(Listed entries):

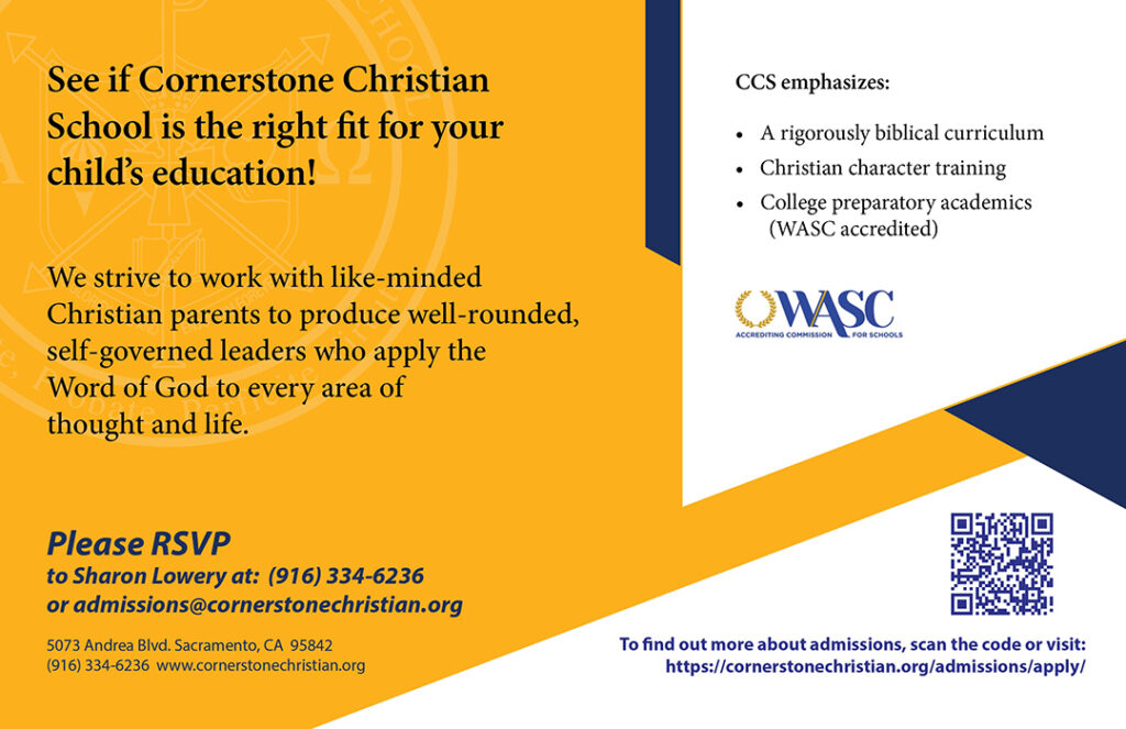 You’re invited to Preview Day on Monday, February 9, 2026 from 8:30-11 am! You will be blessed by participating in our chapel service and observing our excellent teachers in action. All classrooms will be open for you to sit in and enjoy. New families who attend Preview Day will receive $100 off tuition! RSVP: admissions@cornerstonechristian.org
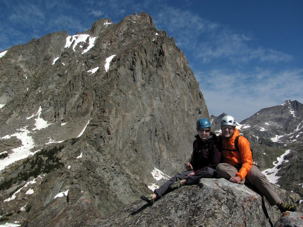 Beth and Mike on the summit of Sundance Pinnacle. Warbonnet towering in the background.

...

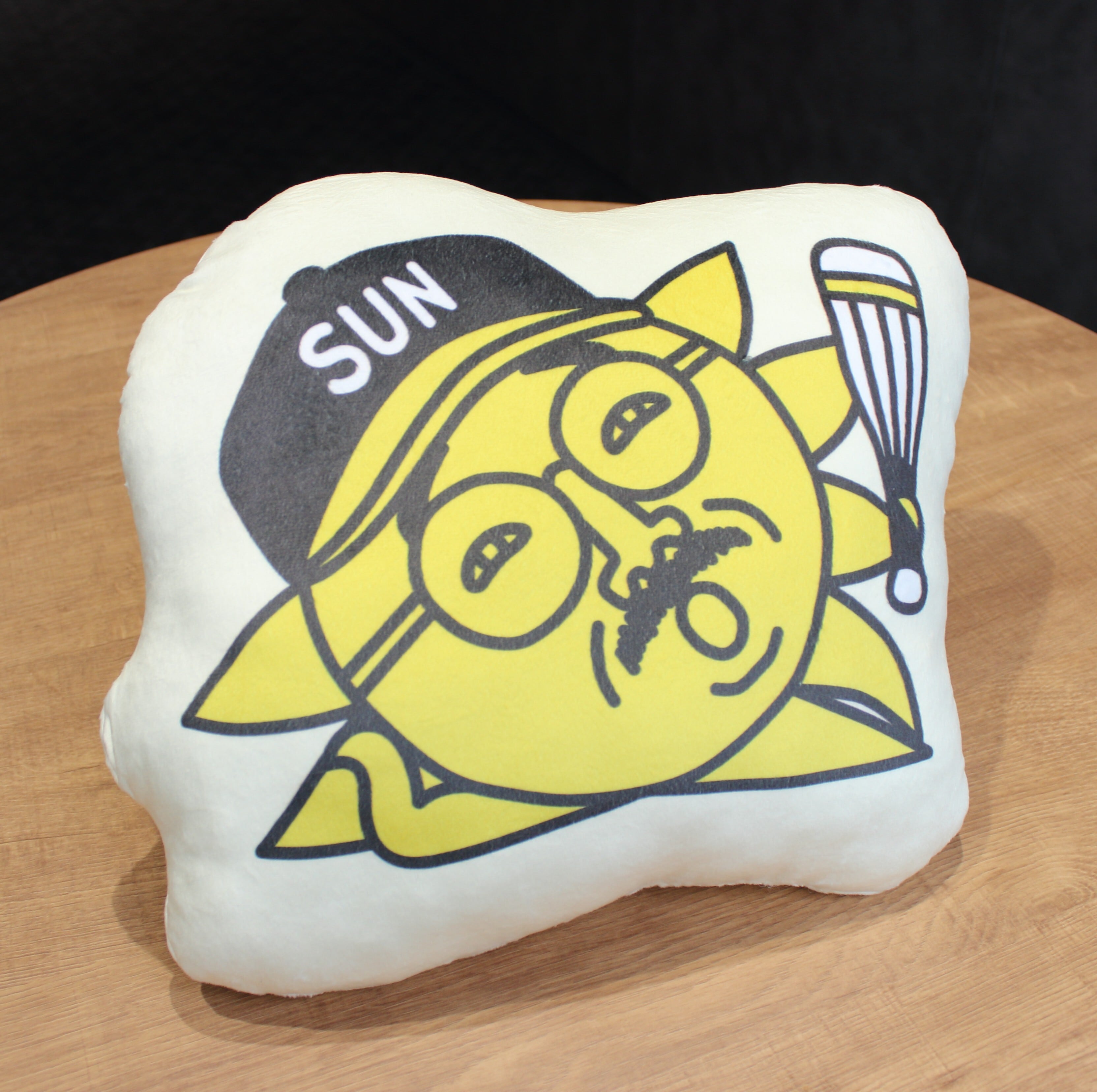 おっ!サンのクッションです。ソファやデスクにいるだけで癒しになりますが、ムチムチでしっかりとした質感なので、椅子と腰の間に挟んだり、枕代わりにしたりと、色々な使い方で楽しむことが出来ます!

(What is needed):
Using the records above, print exactly the lines between the ones containing "You’re invited to" and "Beth and Mike", inclusive, and nothing else; no pictures.

(Solution):
 You’re invited to Preview Day on Monday, February 9, 2026 from 8:30-11 am! You will be blessed by participating in our chapel service and observing our excellent teachers in action. All classrooms will be open for you to sit in and enjoy. New families who attend Preview Day will receive $100 off tuition! RSVP: admissions@cornerstonechristian.org
 Beth and Mike on the summit of Sundance Pinnacle. Warbonnet towering in the background.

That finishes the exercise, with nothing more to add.